There is, therefore, a need to word oral announcements as carefully as equivalent written communications where they may give rise to contractual obligations. In particular, using words such as “guaranteed”, “definite” and “minimum” will leave little room for manoeuvre should you later need to pull back from the original promise.
It is also evident from the Court of Appeal’s decision that the spectre of unfortunate political implications will not prevent contractual obligations being enforceable. The Court identified that Commerzbank’s desire to step back from the promise to award a bonus pool of €400 million arose only as a result of the potential political embarrassment associated with making the payments. The Court’s view was straightforward – DKIB made a promise to its employees, and that promise had to be honoured regardless of political nuances.

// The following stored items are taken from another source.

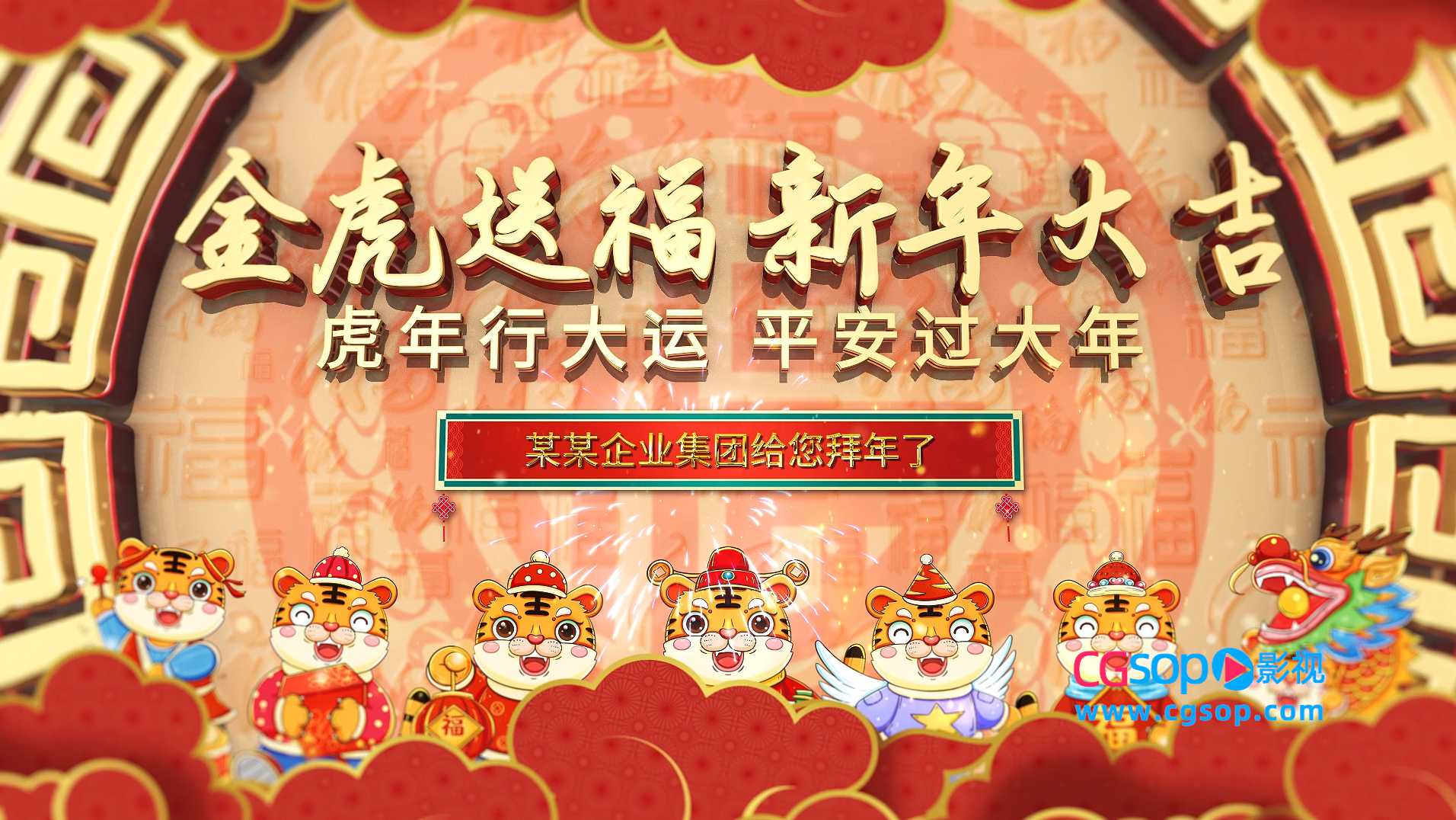 喜庆三维立体大金字虎年片头AE模板
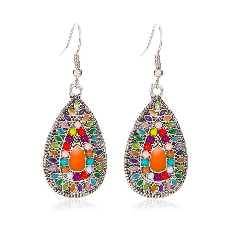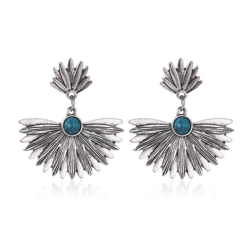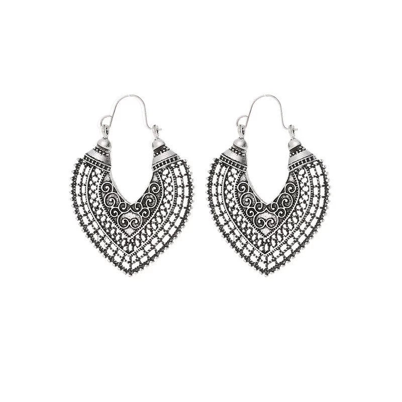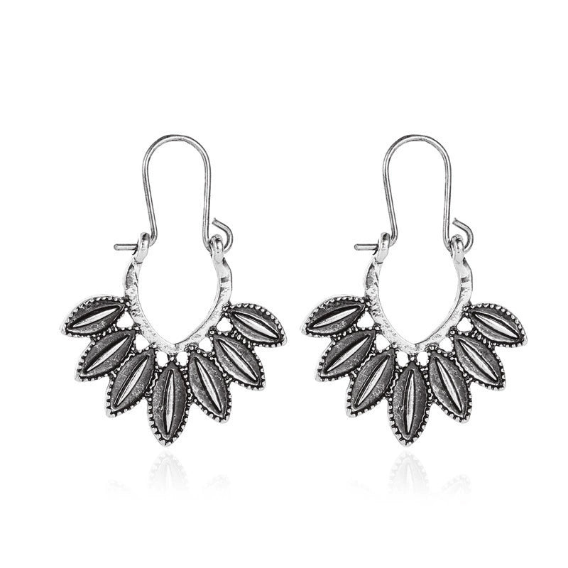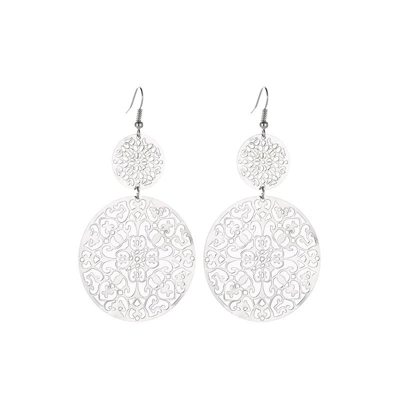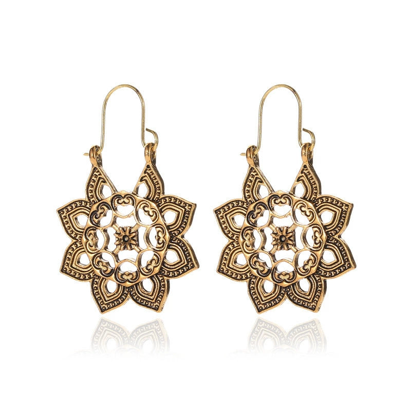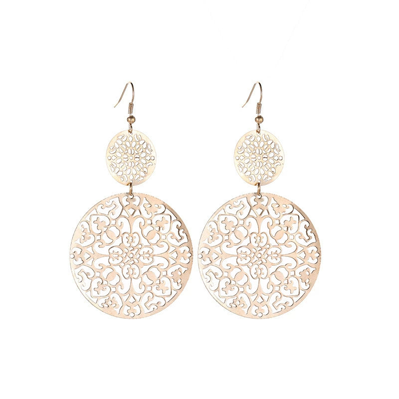 Wholesale Metal Hollow Flower Earrings With Geometric Pattern Retro Bohemian Style Electroplated
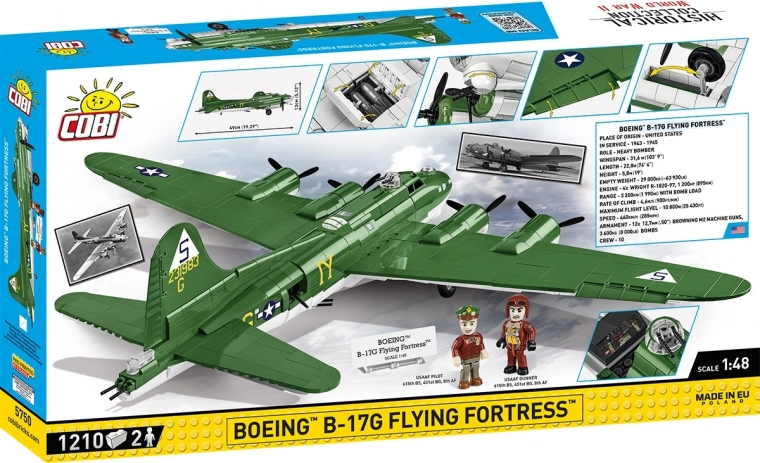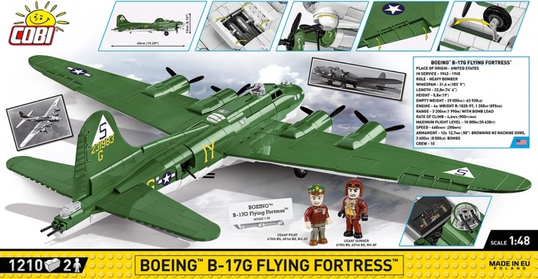 Bouw je eigen Boeing B-17G Vliegende Vesting met deze exclusieve bouwset van COBI! Het model is nauwkeurig op schaal 1:48 en bestaat uit meer dan 1232 hoogwaardige onderdelen. De constructie is voorzien van duurzame prints in plaats van stickers. De set biedt bewegende elementen zoals wielen, inklapbaar landingsgestel, propellers en te openen bomruimen. Met dit model geniet je van uren bouwplezier en het blijft een uitstekend pronkstuk in je collectie.
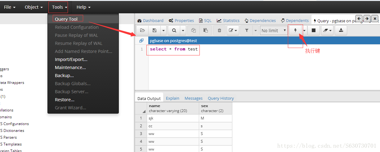菜单->Tools ->Query tool
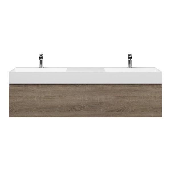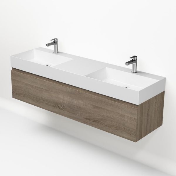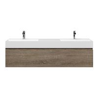 | Bellanti Solo/Azzurra badmeubel 160x46 2 softclose laden eiken donker greeploos keramiek dubbele wastafel mat wit 2 kraangaten |
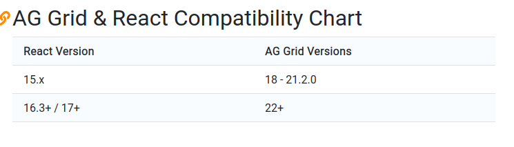 React Version AG Grid Versions
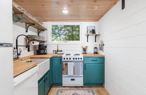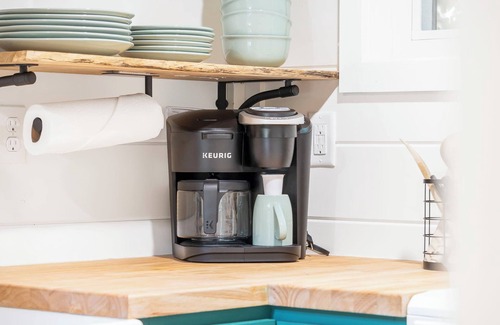 The chic and appealing exterior welcomes you to your new home with comfortable rocking chairs on the porch just begging you to have a seat while you enjoy your morning coffee. Stepping indoors, you’ll be delighted by the spacious yet cozy interior. A comfortable living room sofa is the perfect spot for an afternoon nap or catching up on your reading. Play a game of cards or enjoy your meals at the dining table for 2. The kitchen comes fully equipped with all standard appliances and a dual single-cup and drip coffee maker. You won’t find a TV in this cabin, however, don’t let that deter you. After all, you might just welcome a break from all the noise! Onsite Wi-Fi is still available should you need to stay connected and in touch.
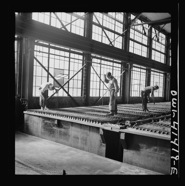 El Paso, Texas, Phelps Dodge refining company. Electrolytic tanks in which sheets of pure copper are formed. The sheets are later melted and cast into ingots
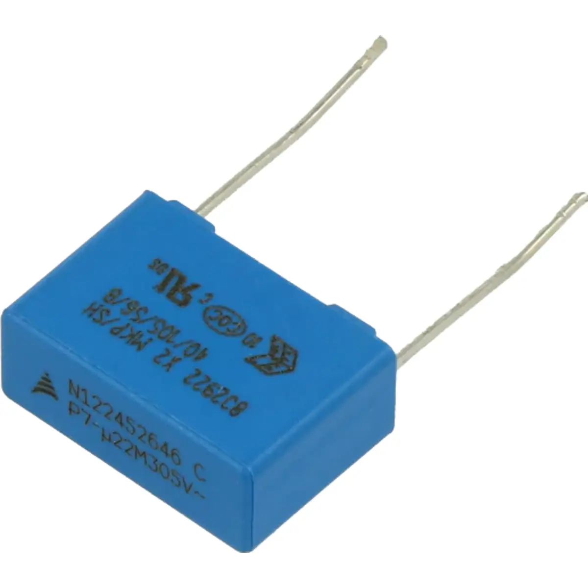 Condensador de filme de polipropileno X2 com capacitância de 0,22 µF e tensão de serviço até 305 V AC. Destina-se a filtragem em fontes de alimentação e circuitos de controlo, com montagem THT e dimensões de 18 x 12,5 x 7 mm, comprimento de terminais de 6 mm e espaçamento de 15 mm. Tolerância ±20% e classe climática 40/105/56 segundo IEC 60068-1, oferecendo fiabilidade em ambientes com variações de temperatura, adequado para aplicações industriais.
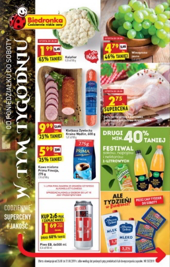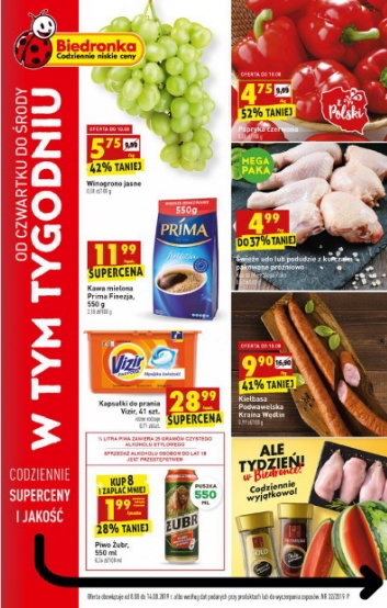 'W tym tygodniu' - nowa gazetka promocyjna sieci sklepów Biedronka. Polecane promocje z gazetki sieci Biedronka: Kalafior 1 kg - 1,99 zł. Świeża ćwiartka z kurczaka pakowana próżniowo Kraina Mięs 1 kg - 2,75 zł. Kawa mielona…
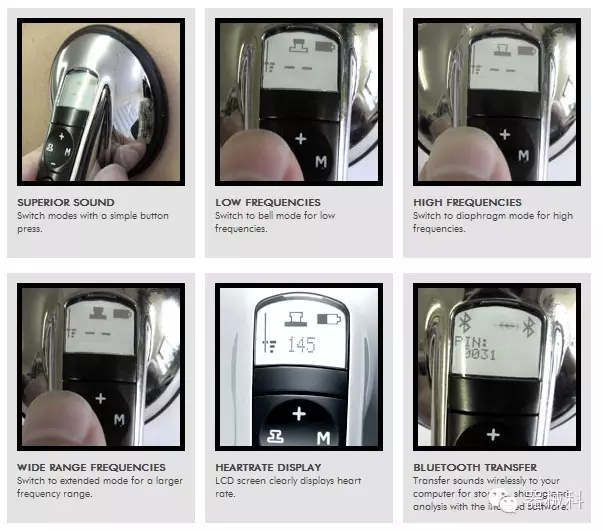 2009年,電子聽(tīng)診器的發(fā)展達(dá)到了新的巔峰,Littmann®3200型電子聽(tīng)診器(上圖)出現(xiàn)在世人面前。這是首個(gè)運(yùn)用藍(lán)牙技術(shù)的電子聽(tīng)診器,它能夠?qū)⑿呐K、肺部和其他身體器官的信號(hào)無(wú)線傳送到醫(yī)師使用的電腦,并通過(guò)Cardioscan軟件實(shí)時(shí)地將聲音曲線顯示在電腦屏幕上,更準(zhǔn)確地揭示患者心臟可能存在的異?,F(xiàn)象。隨后,軟件會(huì)對(duì)聲波曲線進(jìn)行分析,并將代表有害雜音的異常部分的細(xì)節(jié)突出顯示出來(lái)。醫(yī)師能夠?qū)⒒胤潘俣冉档鸵话雭?lái)更仔細(xì)地分析問(wèn)題,還能將文件保存到患者的檢查結(jié)果中,并通過(guò)電子郵件和Scope to Scope遠(yuǎn)程聽(tīng)診軟件,將其發(fā)送給心臟病專家來(lái)確認(rèn)診斷結(jié)果。這套系統(tǒng)不僅能夠準(zhǔn)確捕捉到危險(xiǎn)的雜音,還能減少更為昂貴心電圖檢查費(fèi)用和不必要的心臟病專家的診療工作。從此傳統(tǒng)的電子聽(tīng)診器變成了先進(jìn)的醫(yī)療工具,取代了醫(yī)師對(duì)心臟雜音的猜測(cè),提高了診斷能力。隨后3M公司推出了一系列改良產(chǎn)品......目前這方面3M公司的最新產(chǎn)品是Littmann4100系列(下圖)
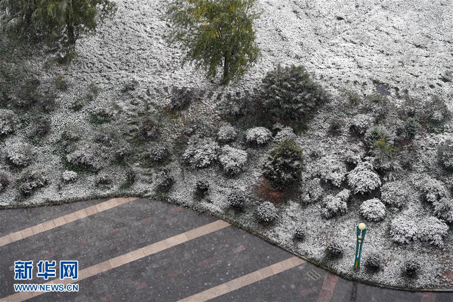 10月27日,在兰州市榆中县,雪花飘落在道路旁的绿化带上。新华社记者 范培珅 摄
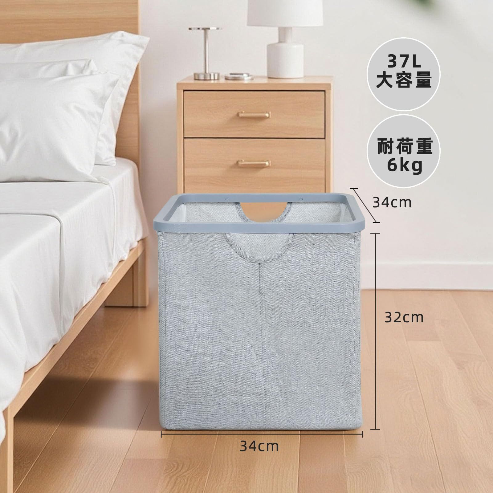 【大容量42Lでたっぷり収納】このランドリーは、37Lの容量で、約12枚の短袖シャツを収納できます。洗濯物だけでなく、おもちゃやぬいぐるみ、日常的な雑貨も収納可能。多目的に使えるので、リビングや子ども部屋、寝室など、さまざまなシーンで活躍します。整理整頓が簡単になり、毎日の生活がより快適に。
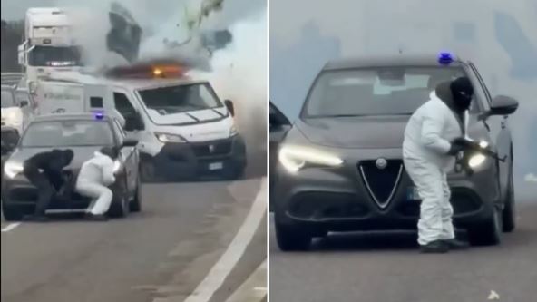 Na video-snimku italijanske "Republike" objavljenom na društvenoj mreži "Iks" (X), vide se maskirani muškarci naoružani kalašnjikovima - od kojih su neki bili u belim kombinezonima i za koje se veruje da su članovi bande - kako ulaze u obračun sa karabinjerima.
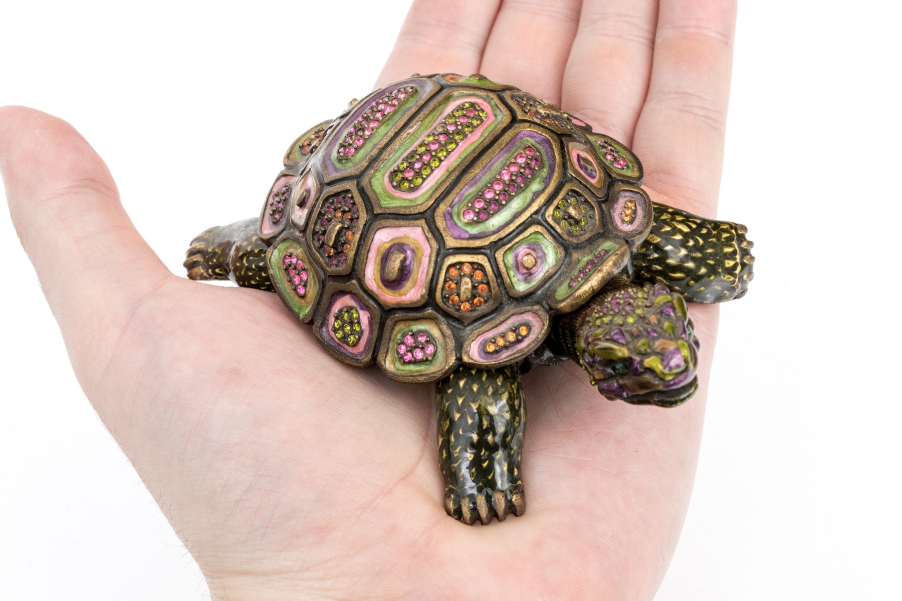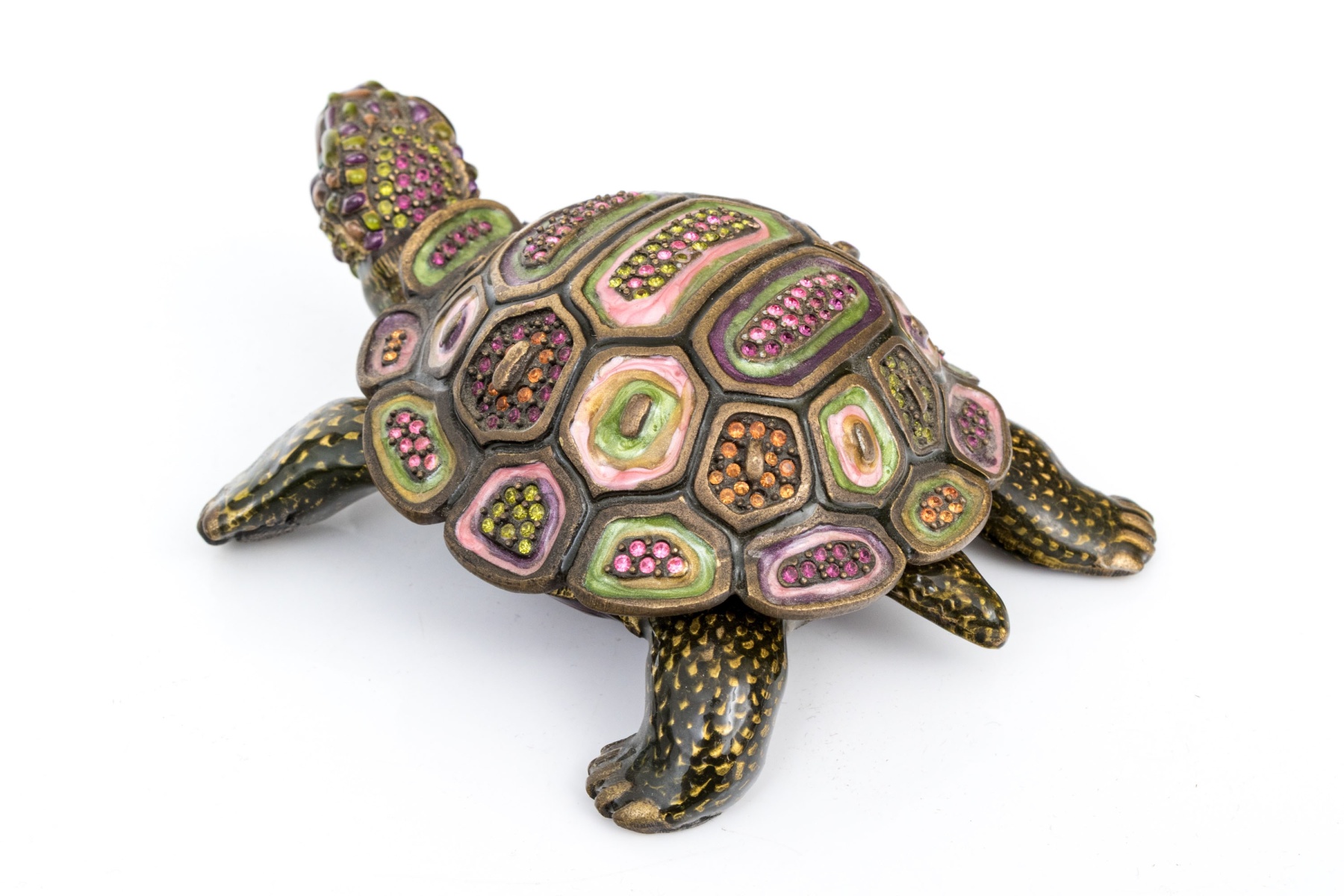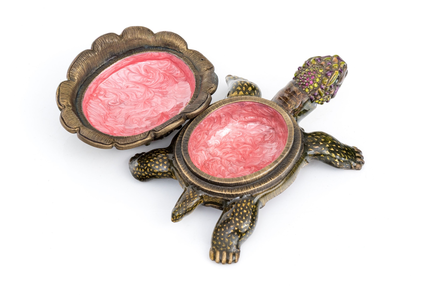A brown enameled turtle box with the back as a separate lid set with colored stones. With a pink enameled interior.

The decision in Attrill has highlighted the difficulties employers will face if they unilaterally seek to pull back from an initial contractually-binding commitment made to employees. In making announcements of this sort, therefore, employers may wish to reserve the right to amend or withdraw the benefit in the event of adverse changes in circumstances – for example, a fall in profits – but this would have to be communicated at the same time as the initial announcement.
In the absence of a right to reduce benefits, employers will struggle to avoid the obligation to pay the promised benefit. Determined employers may seek to rely on the principles of frustration – namely that the relevant agreement can no longer be effected – and therefore falls away. Such arguments, however, are likely to succeed only in exceptional circumstances – for instance, where a promised bonus exceeds a subsequently imposed statutory cap.
The decision in Attrill is a timely reminder that promises that do not look or feel like contractual terms can be treated as binding and, therefore, enforceable. The message from the courts is simple – make sure your mouth isn’t any bigger than your wallet.
- Oral announcements regarding bonuses and/or other benefits should be worded as carefully as written communications to avoid unintended obligations.
- In both written and oral announcements, caution should be exercised when using words such as “guaranteed”, “definite” and “minimum”, unless the intention is to create a binding obligation.
- Announcements should be reviewed by HR/legal teams in the same manner as contractual provisions and bene-fits policies.
- Establish a process to ensure that general announcements are approved by the appropriate level of management to avoid promises being made that are contrary to company policy.
- When drawing up benefits schemes, there is a tension between the need to retain and motivate staff while retaining discretion regarding the payment of benefits. Any announcements – whether oral or written – contractual provisions and benefits policies should reflect the commercial approach sought.
- To allow flexibility later down the line, appropriate discretionary language should be used in relevant documents and communications – remember, however, that discretion cannot be exercised in a way that is irrational or perverse. Consider whether or not it is appropriate to use caveats such as:
- “payments are subject to board/remuneration committee discretion”;
- “previous payments do not give rise to an expectation or entitlement of further payments”; and
- “the company reserves the right to withdraw or reduce this [benefit]”.